CNG marine transport. Compressed natural gas marine transport is the continuous compression, transport, and delivery of natural gas via ship. Although CNG does not attain the the same energy density of LNG (thus reducing the economies of scale to long-haul shipment), recent advances in compression have seen the achievement of up to half the energy density of LNG.
Further, the authors noted, proponents of such a system claim that what is lost in long-haul efficiency is recovered in lighter infrastructure costs (essentially just a compression facility, which can be placed on a floating platform/vessel or onshore); a shorter development period (one to two years rather than four-plus years for LNG); and the potential price premium that such a system could achieve for delivery to smaller, stranded energy markets that do not have large enough demand profiles to justify the investment in regasification infrastructure (or a pipeline).
Because such a system has not yet been deployed commercially, the report authors had to rely on industry data. The authors formulated a preliminary base case based on the technology for Sea NG—a company that has been most active in the Eastern Mediterranean—assuming an onshore facility at Vasilikos, with a shuttle system that can reach as far as the Greek mainland. The capacity of the system is lower than those of the other options, given the limitation in scale.

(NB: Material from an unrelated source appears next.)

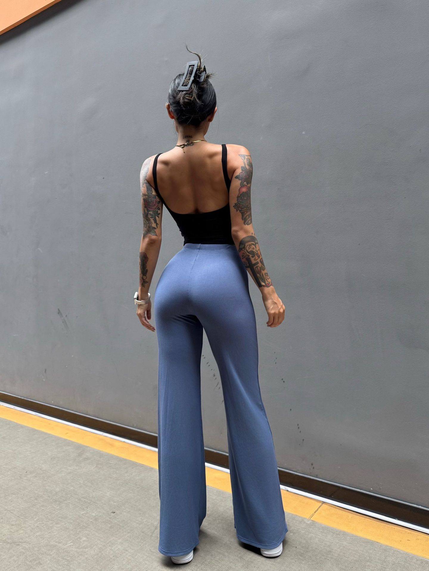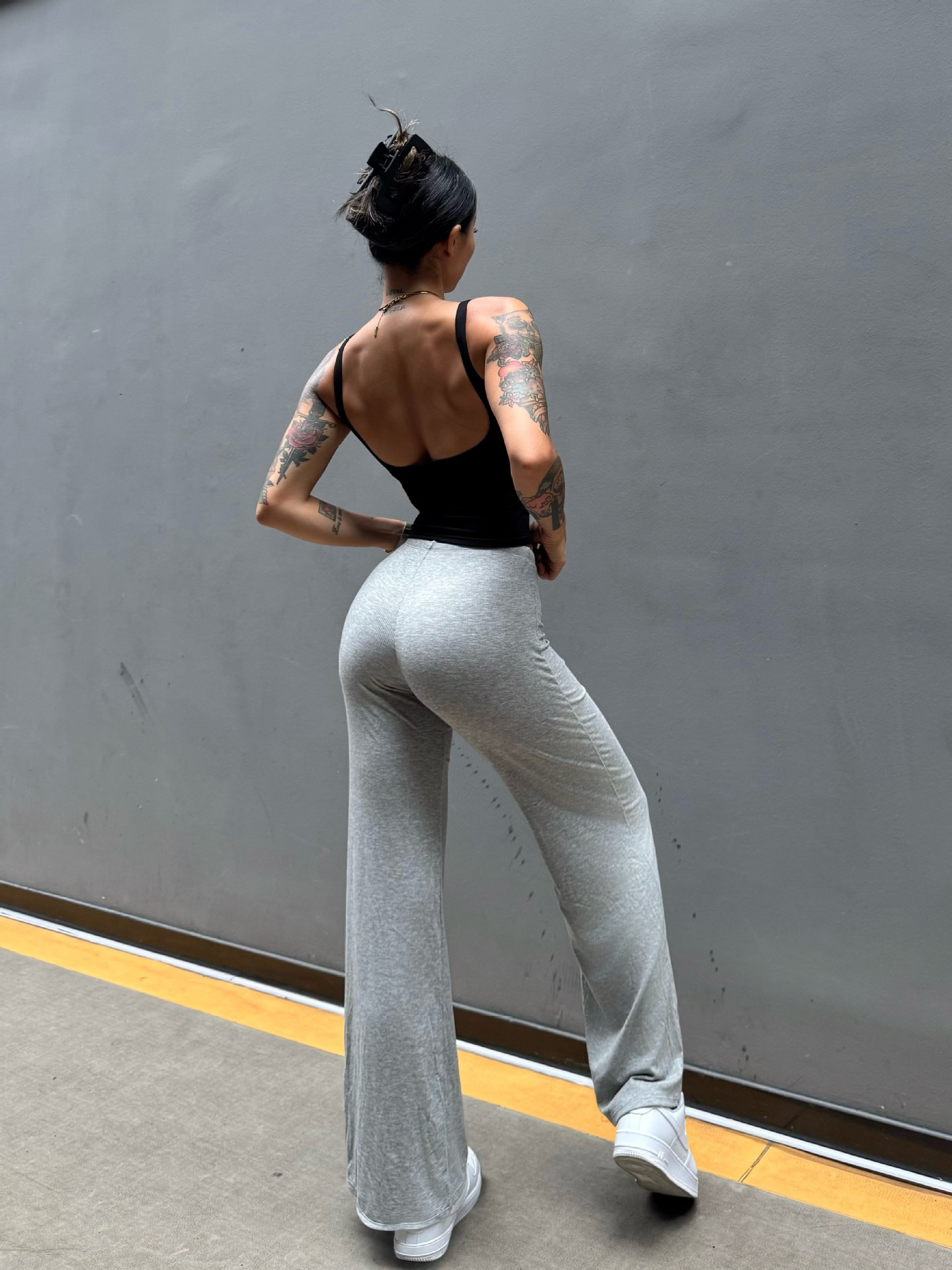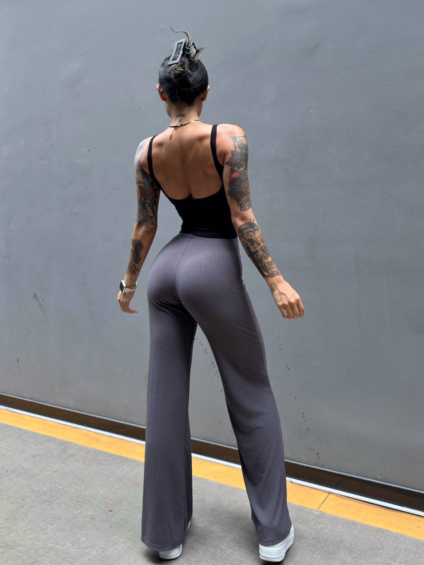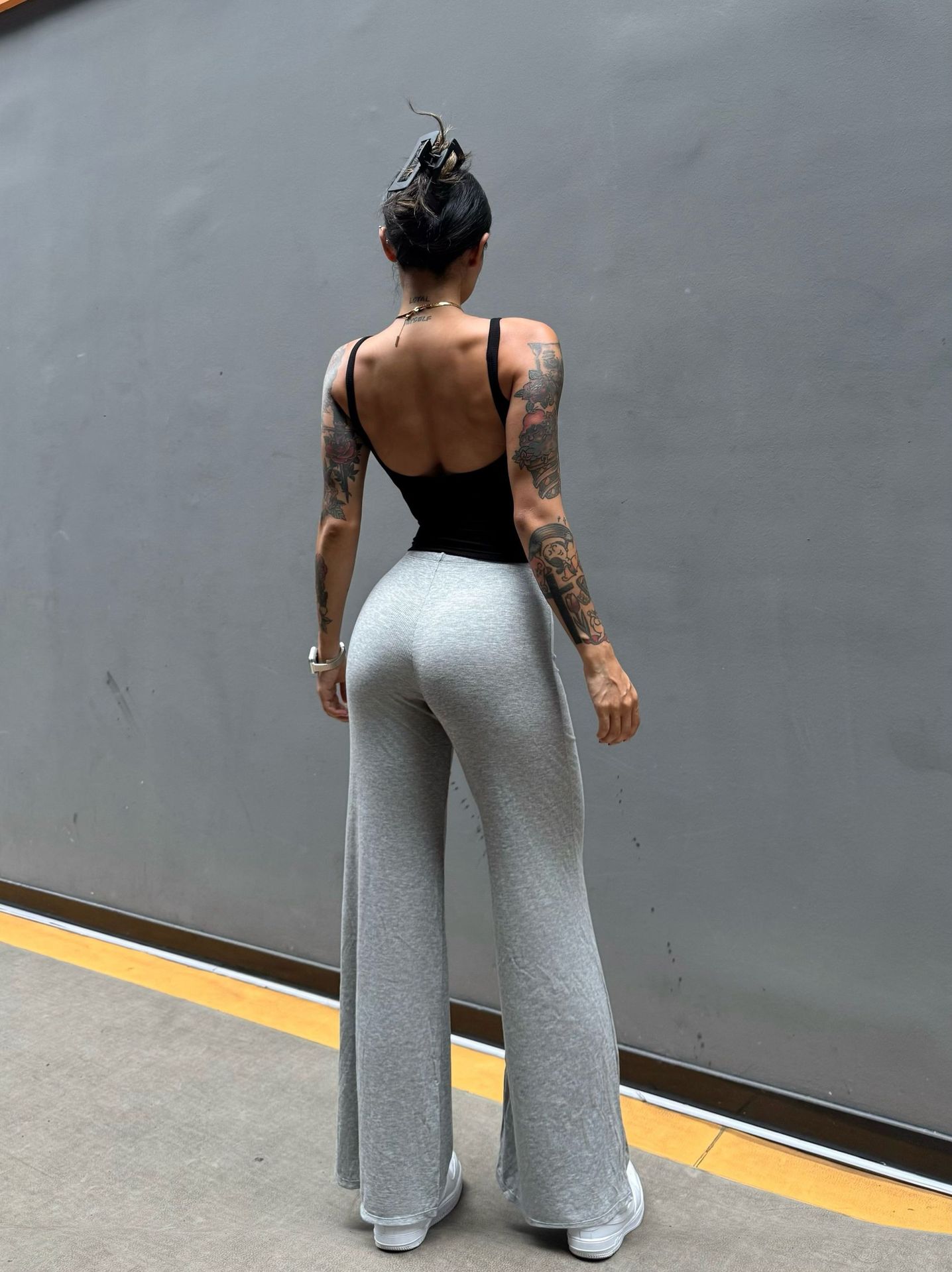 Pantalón perezoso que muestra la elasticidad de la cadera, enorme y cómodo drapeado, cintura pequeña pura, yoga recto, fitness, pantalones deportivos de ocio, mujeres
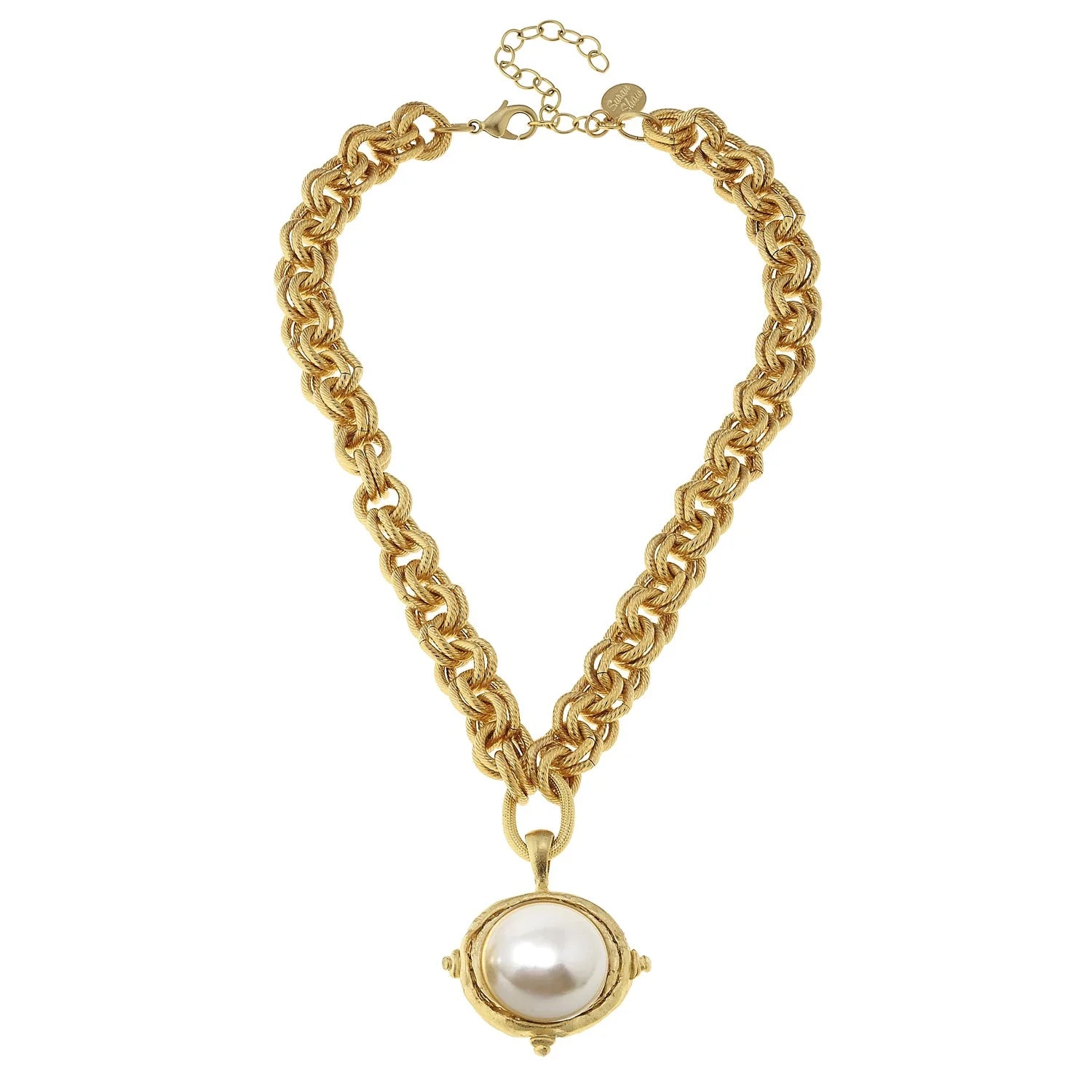 Pair this chunky chain with pearl cab pendant with any wardrobe color and throughout seasons.

The results found that the breakeven landed gas price for this pathway $5.86/MMBtu.
If this were to be a realistic result, it would suggest CNG has huge economic appeal. However, this result should not be taken as conclusive, given the potential bias in the source material available.—Paltsev et al.
Observations. Base case assumptions lead to the following IRRs: 14.8% for the Cyprus LNG option to the European markets; 20.5% for the Cyprus LNG option to the Asian markets; and 13.6% for the Cyprus offshore pipeline option to the European markets.
Considering the pipeline option, it should be noted that a natural gas exporter does not have the same flexibility to react to the changing market conditions (for example, to re-orient the flows from European to Asian customers) as an exporter does with the LNG option. There is also an issue of potential disputes with transit countries. An LNG terminal might be more costly to develop than a pipeline up front, but the relative flexibility of supply to different markets based on changing market conditions will likely outweigh such a difference in capital costs.
LNG development is also not without major risks, particularly for small nations like Cyprus in which the necessary investment, even for modest LNG projects (around $6 billion) is on the same order of magnitude as the country’s GDP (around $25 billion). The potential benefits of growing an LNG industry in Cyprus will include employment opportunities and, of course, a potentially large revenue stream for the nation through taxes and royalty payments and dividends from entities the nation holds equity in.—Paltsev et al.
O’Sullivan and Paltsev warn that even projects that start out having clear economic gains can become less profitable because of poor technical planning and execution or bureaucratic and regulatory delays.
The funding for this study is provided solely by The Cyprus Research Promotion Foundation. While Eni S.p.A. and Total are members of MITEI and have exploration interests in Cyprus as described in the report, they have not contributed to any input, output, or funding related to this research.